• [DATA SHOWN]
——

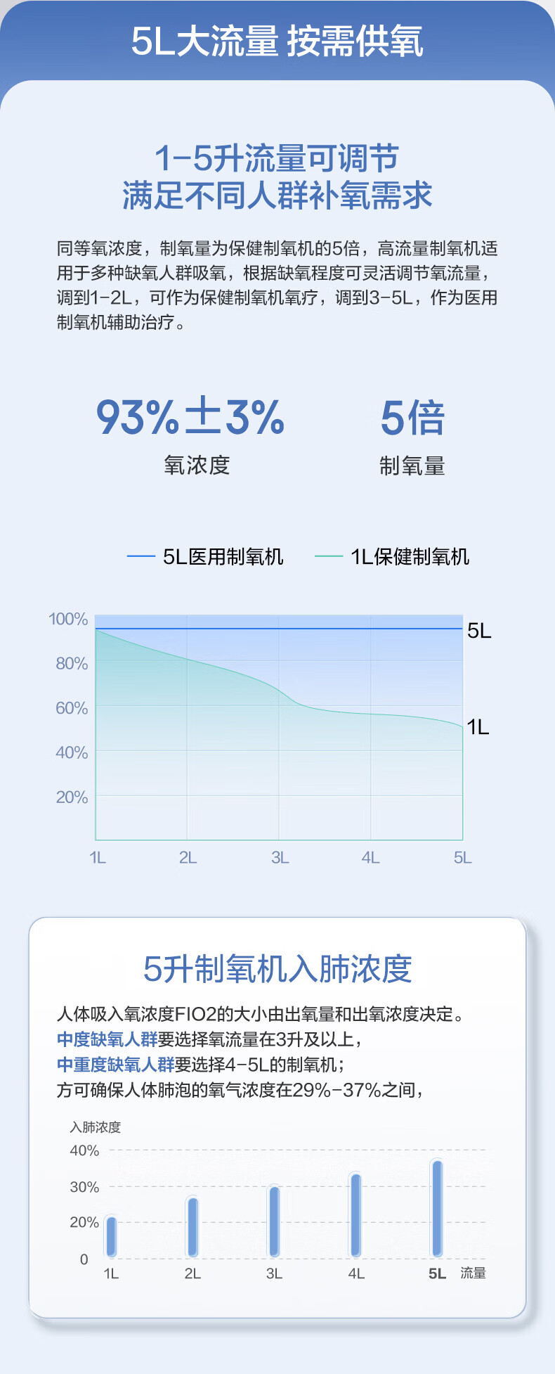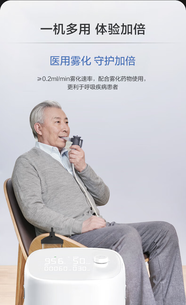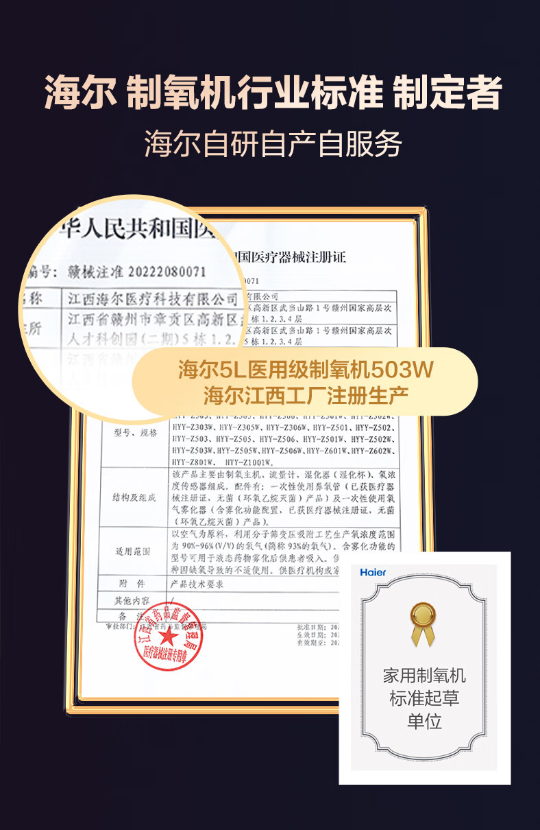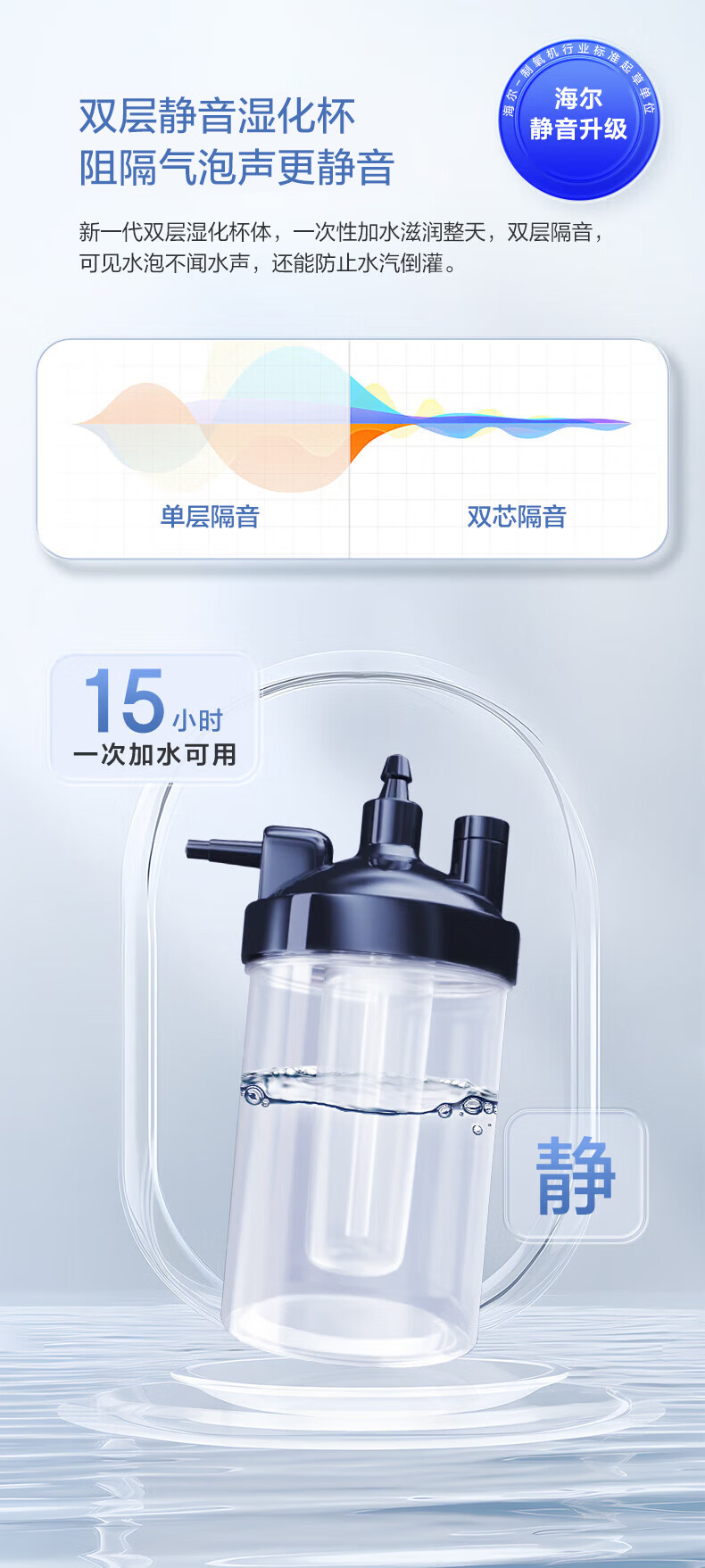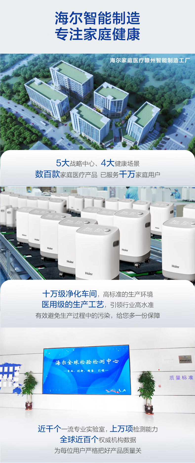 海尔(Haier)5L升制氧机家用老人医用级吸氧机孕妇氧气机呼吸雾化503W国家补贴
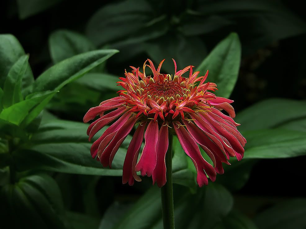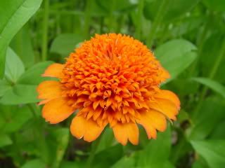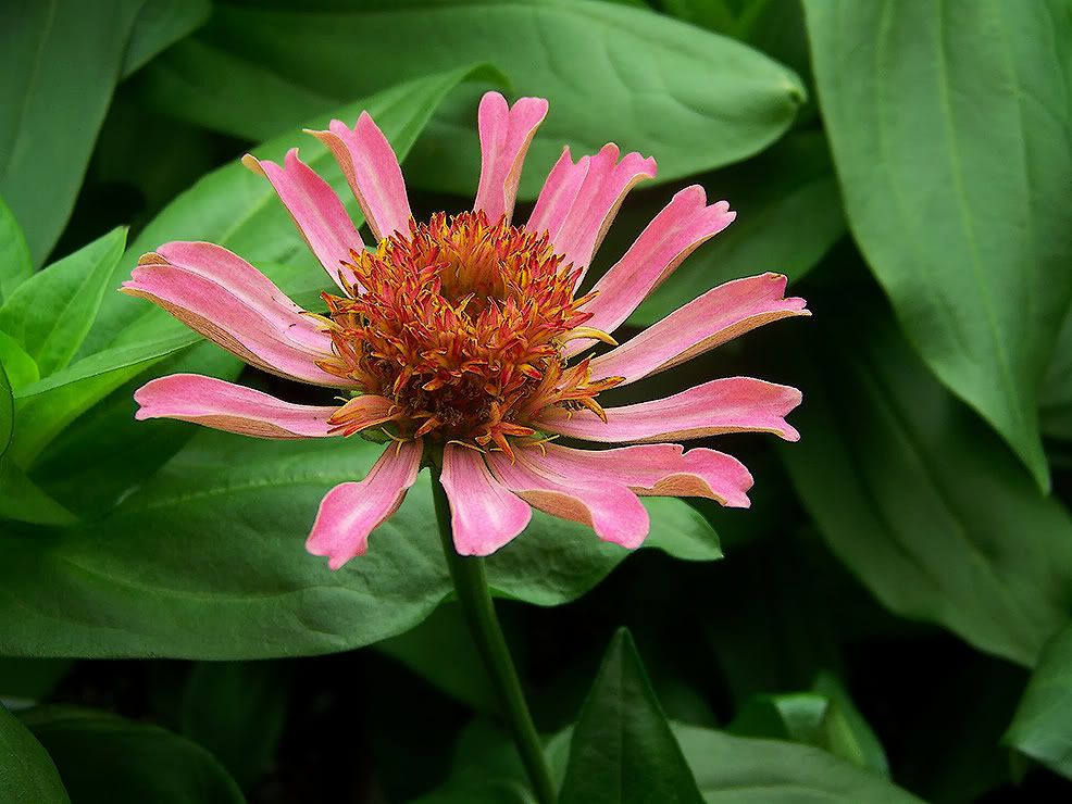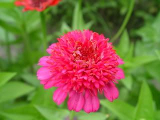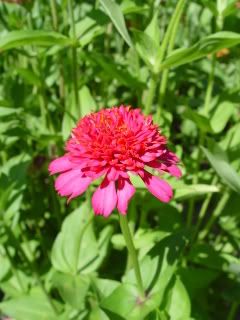 It has enough petal waviness to give the flower a frilly look that I find attractive, so I am giving it special attention. However, its leaves aren't wavy either. Hopefully I will get some more wavy-leaved zinnias in the not-too-distant future. ZM |
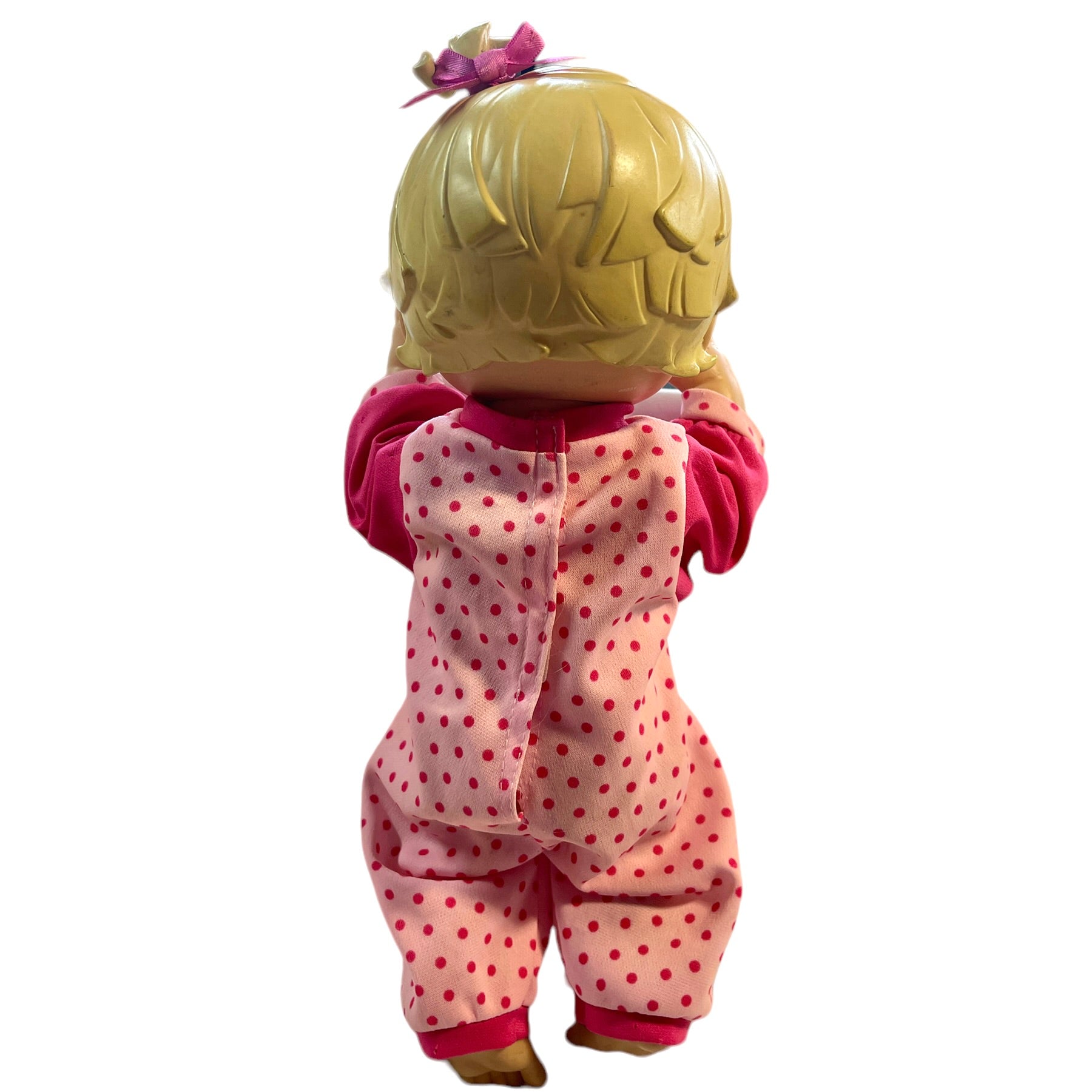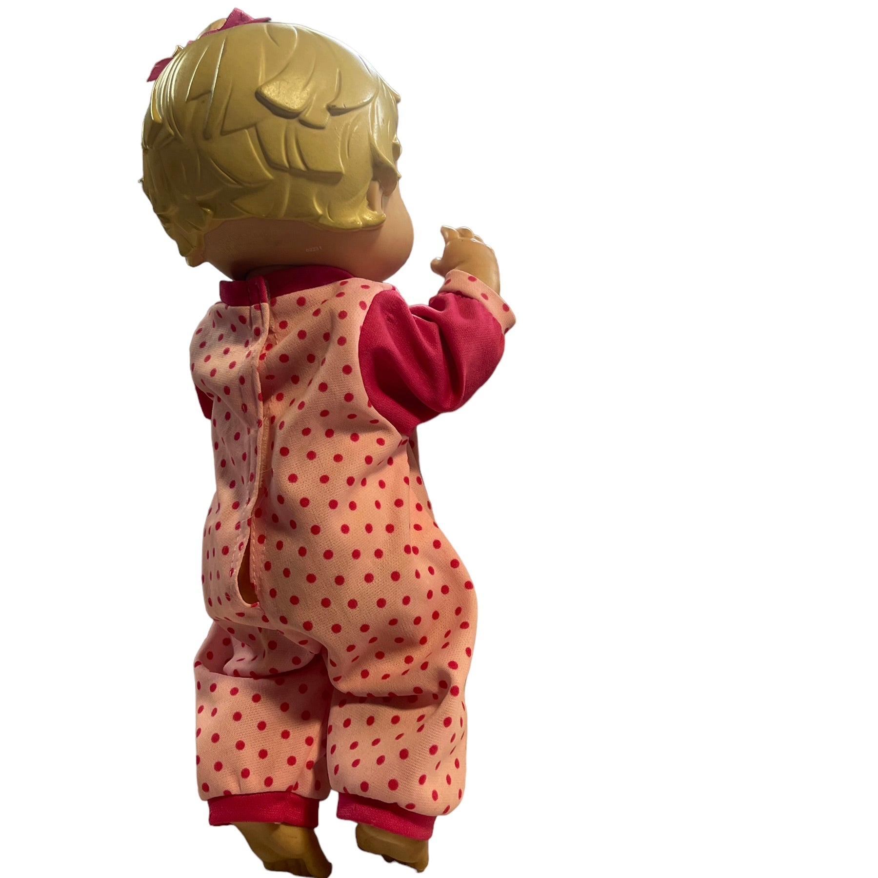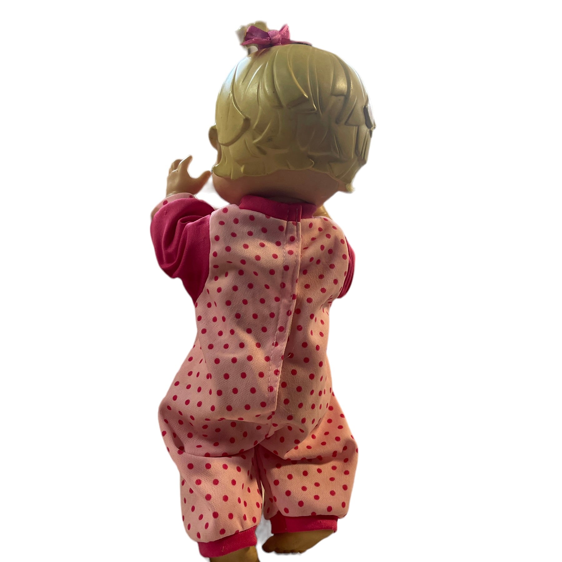 Baby Alive Drink & Wet 13" Baby Doll Hasbro 2008 Pink Romper with Cherries Blond/Blue Eyes
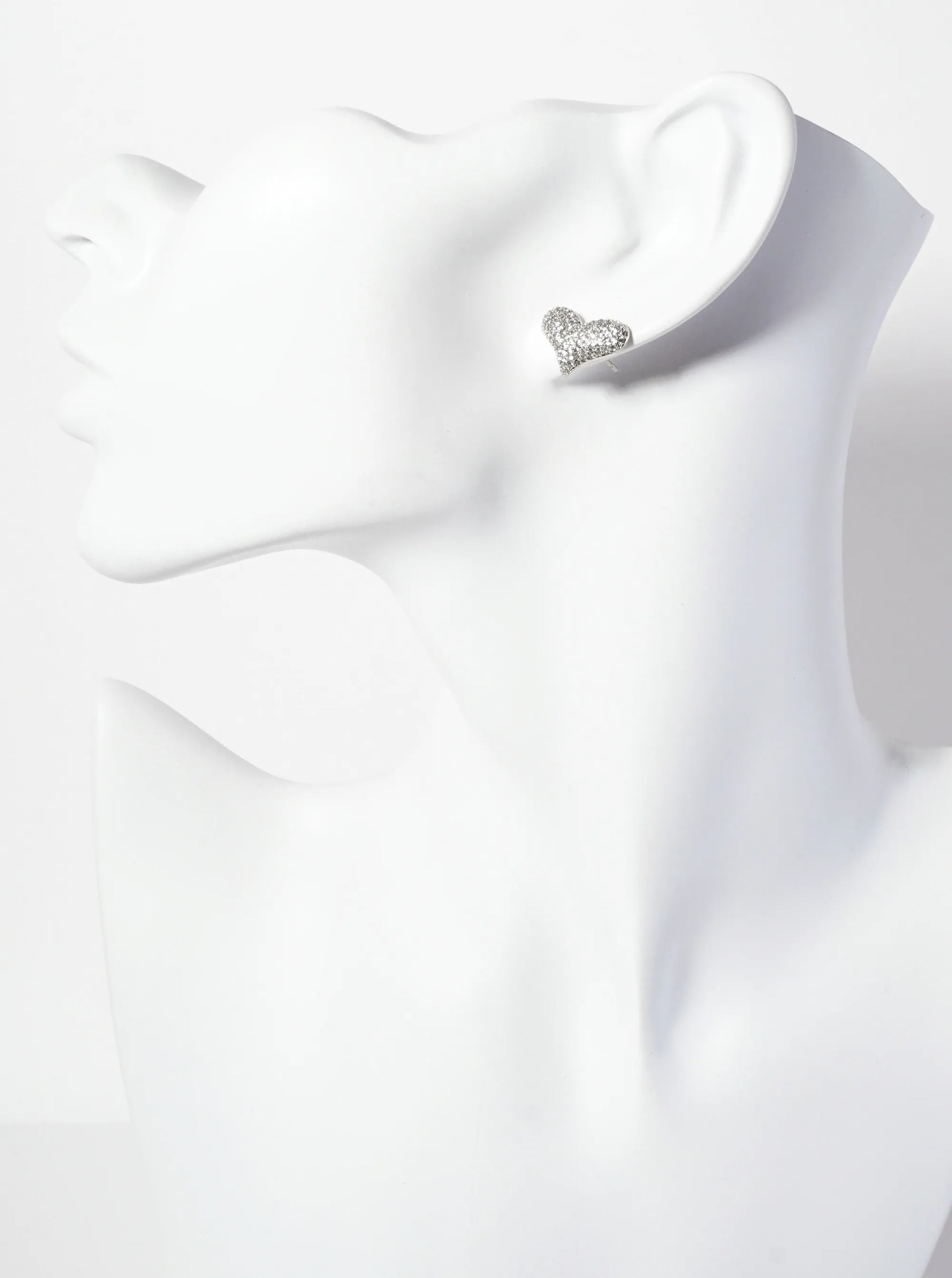 Micro-Pave-Set CZ Puffy Heart 18K-Gold-Dipped Stud Earrings

——

• [WHAT TO PRODUCE] Nothing but the pictures is to be left out; repeat the data exactly.

• [RESPONSE BOX]
 海尔(Haier)5L升制氧机家用老人医用级吸氧机孕妇氧气机呼吸雾化503W国家补贴
 It has enough petal waviness to give the flower a frilly look that I find attractive, so I am giving it special attention. However, its leaves aren't wavy either. Hopefully I will get some more wavy-leaved zinnias in the not-too-distant future. ZM |
 Baby Alive Drink & Wet 13" Baby Doll Hasbro 2008 Pink Romper with Cherries Blond/Blue Eyes
 Micro-Pave-Set CZ Puffy Heart 18K-Gold-Dipped Stud Earrings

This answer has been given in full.